Минутами во мне вспыхивает чувство острой злобы к Либерману.

Я его считаю единственным виновником моего несчастья. Но и эта мысль горит недолго, уступая место тяжелому бездумью.

А вот и Филипп! Он несет ведро с помоями. Его плотно сбитое туловище слегка наклонено в сторону ведра.

При виде Филиппа я впервые начинаю ощущать обиду, и меня душит горячий приступ слез.

Так бывает, когда сорвешься с ограды чужого сада: вскочишь и побежишь, а потом уже начинают болеть ушибленные места.

Хочу рассказать буфетчику о случившемся, а он уже сам все знает. Приходил Мэн и приказал меня на кухню не пускать. И Станиславу велено со двора гнать.

- Вот какая история… - заканчивает Филипп свое сообщение. - И за что они тебя так? - спрашивает он.

Негодуя и плача, я рассказываю ему о происшедшем.

Говорю прерывисто, икаю от слез, отвечаю на целый ряд недоуменных вопросов, и наконец мне удается убедить Филиппа в моей невинности. Тогда он испускает сочувственный вздох, идет к помойке, выливает из ведра содержимое, возвращается ко мне и, тряхнув серьгой, говорит:

- Ты вот что, паренек: пойди завтра к учителям и сознайся…

Вскакиваю с камня. Стыдом загорается лицо мое, и слезы сохнут.

- И ты мне не веришь?!

- Верю, паренек, верю… А сознаться все же надо… Вот какая история…

- Но я же букв не брал!.. В чем же сознаться?..

- Экий ты непонятливый какой!.. Сознаться все едино следует, чтобы господский характер смягчить и чтоб им конфузно не было за их ошибку. Вот какая история… У нас в полку случай был: пропала у ефрейтора сапожная щетка. Всю казарму перерыли, а щетки нет. И вздумай кто-то сказать, что у Фролова в руках она была.

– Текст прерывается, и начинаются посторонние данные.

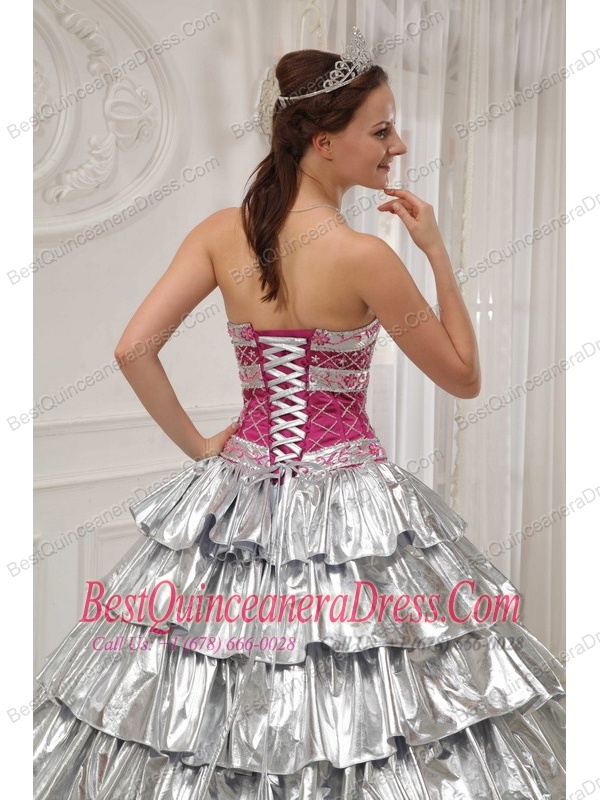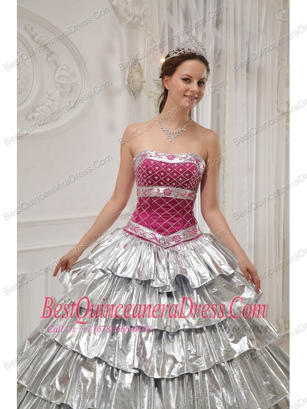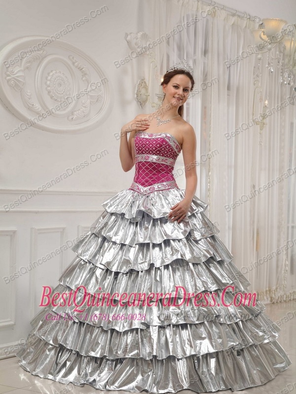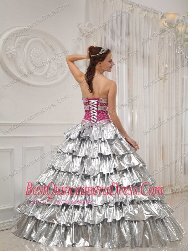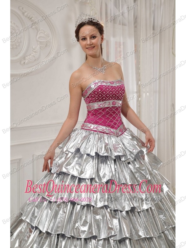 Silver and Fuchisa A-line / Princess Strapless Floor-length Taffeta Beading Quinceanera Dress

Ну, тут, известное дело, пошли допросы, а Фролов свое твердит: "Знать, мол, не знаю, ведать не ведаю…" Доползло дело до самого ротного. "Украл щетку?" - "Никак нет, ваше благородие!.." Ротный хлясть Фролова по скуле. "Сознаешься?" - "Никак нет, ваше благородие!" "Так получай, сукин сын, для равновесия!.." И кулаком - по второй скуле. Тут действительно офицер горазд озлился и всердцах донес самому полковнику. И вышел приказ: всыпать Фролову полсотни горячих. А когда привезли розги, фельдфебель пожалел солдата и посоветовал ему сознаться: дескать, щетку продал, а деньги прокурил. Проделали все как следует, по закону военному: выстроилась рота, а Фролов на коленях покаяние свое выкладывал. Вот какая история…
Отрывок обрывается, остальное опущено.